When Federal Judge Shira Scheindlin ruled the NYPD's stop-and-frisk tactic unconstitutional in 2013, she outlined a series of mandatory police reform measures, including a body camera pilot to determine if the new technology could help hold cops accountable. That pilot is expected to launch this month. Mayor de Blasio, who recently pledged to outfit all patrol officers with body cameras by 2019, praised the pilot. "Dozens of police forces around the country [are] already using them," he told reporters. "So this is the shape of things to come."
But draft guidelines for the pilot have raised concerns about surveillance and police accountability. Civil rights groups including the Center for Constitutional Rights, which represented the plaintiffs in the stop-and-frisk case, submitted a filing in Manhattan Federal Court Wednesday night challenging the guidelines. Meanwhile, a grassroots coalition is calling on the city to drop its body camera plans entirely: no pilot, no program.
"There has to be room in the conversation for just 'no.' Outright 'no,'" said Josmar Trujillo of the Coalition to End Broken Windows, a grassroots campaign backed by roughly a dozen community groups opposed to over-policing in low-income neighborhoods. "The NYPD have always been one step ahead of the legal community, and the public at large. To think that they are not going to make this work for them would be naive."
The coalition is primarily concerned about surveillance capabilities, citing recent advancements in facial recognition technology (which is not included in the NYPD pilot). "Who is going to have access to this footage down the line? Are they going to share it with federal authorities?" Trujillo said. "The NYPD having more data, whether it's our personal information or video information, is not a good idea, period."

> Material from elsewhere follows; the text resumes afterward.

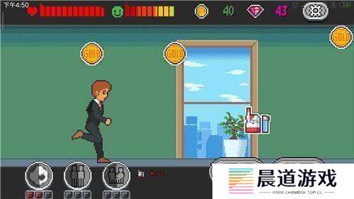 另一个就是跳跃键,可以去吃屏幕上的一些物品,不同时期出现的道具也不同,比如少年时代的书本、足球、音乐符,青年时期的金币、食物、香烟,老年的续命时钟等
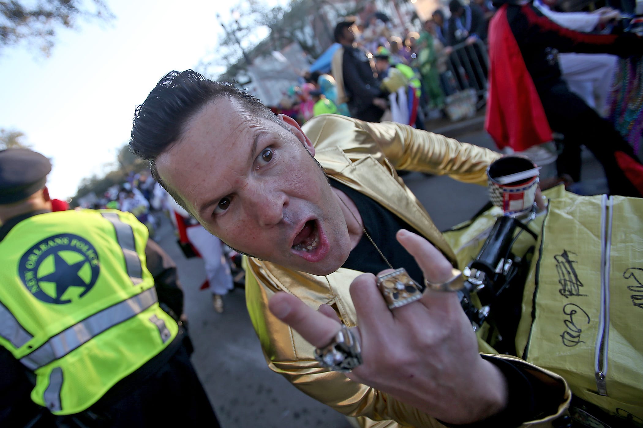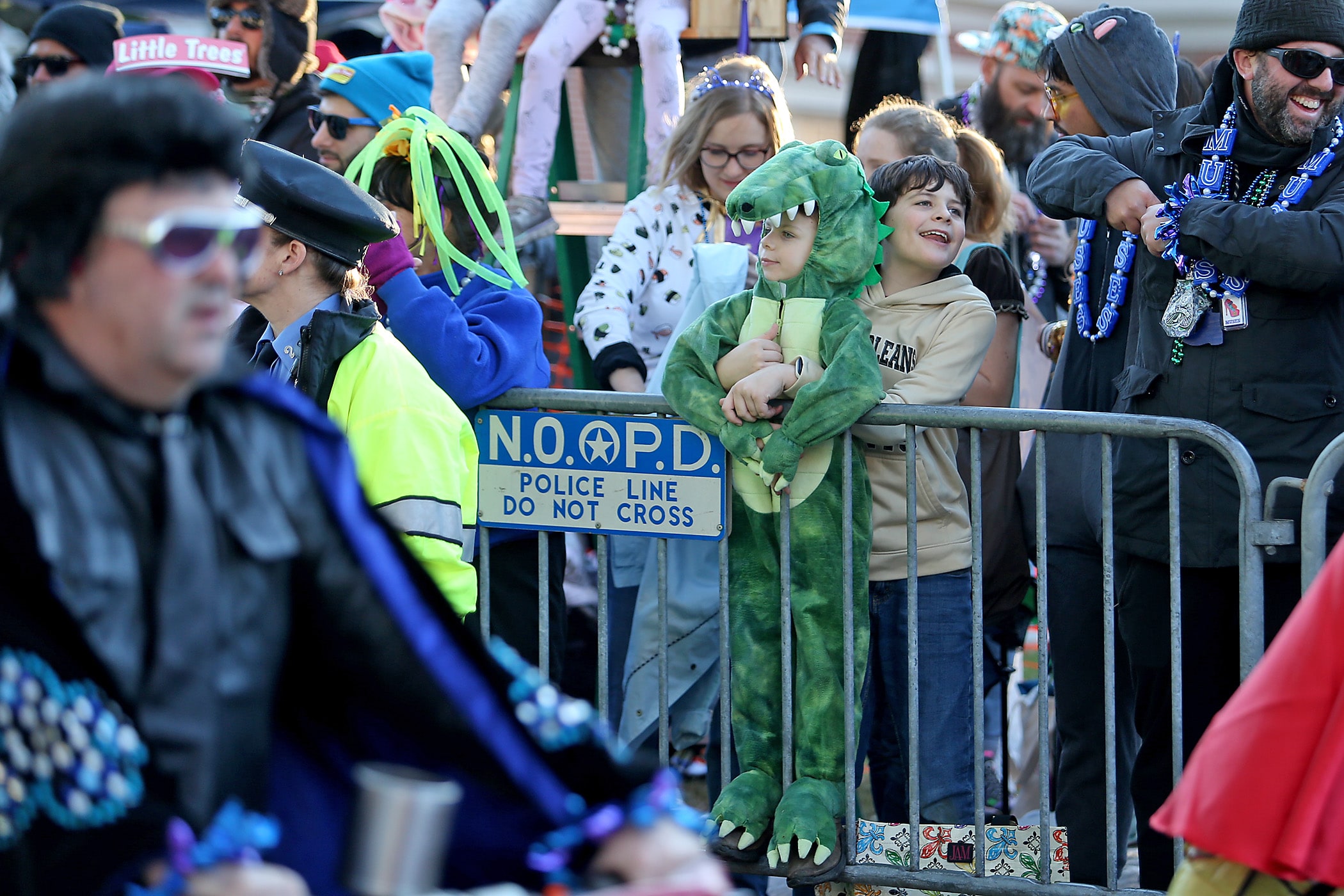 A young gator watches the Rolling Elvi as the over 1100 women of the Krewe of Muses roll down the Uptown parade route with a 26-float parade with the theme “Nostradamuse Sees All” as they celebrate their 20th anniversary on Friday, February 21, 2020. (Photo by Michael DeMocker)

Civil liberties advocates have echoed this concern, as body cameras have gained national popularity. A recent report from the Constitution Project notes that cameras appear to be having a positive impact in some cities. For example, in 2015 the San Diego Police Department reported a 40 percent drop in complaints after cops adopted cameras. But the same study warns that without the right guidance "body-worn cameras could be used for generalized surveillance" that could "disproportionately impact minorities and other groups subject to higher rates of police interaction."
The New York Civil Liberties Union would like to see New York's body camera pilot policy improved. "The idea of them rolling back at this point is like saying, 'Let's disband the police department,'" argued NYCLU attorney Molly Kovel.
Kovel added that she understands the concern that a powerful agency like the NYPD might take advantage of new technology. "The [body camera] policy has mechanisms that are really there to make the cameras more palatable to police officers, and in that sense it's not wholly focused on police accountability," she said.
For example, the guidelines would allow police to review body camera footage before writing incident reports. Civilians, meanwhile, would not be able to access footage without filing a formal request. In most cases a Freedom of Information Law [FOIL] request: a process that
Under the proposed pilot, police would only be required to record under certain circumstances: "arrests; searches in the home; searches in the street; vertical patrols; uses of force; stops and frisks; and traffic stops," according to the draft policy.
"If this was a program where the cameras were always on, we would have more concern about surveillance," Kovel said. "This is different from a surveillance tool like a license plate reader, or a camera that is on all the time, or a futuristic drone system."
But Trujillo insists that the public already has a powerful police accountability tool in the cop watch network: civilians who document police in action.
"The great thing about cop watch is it's independent, and it's not controlled by the city," he said. "And it's not just about filming the police. There have been instances where [the community] will work with family members to recover surviellance footage, like from a bodega. It's not necessarily an easy-to-digest policy recommendation. It's more active resistance, every day, by the people."
NYPD spokesman Stephen Davis has said that the pilot guidelines are subject to change. "We review patrol guide procedures on a regular basis," he told reporters.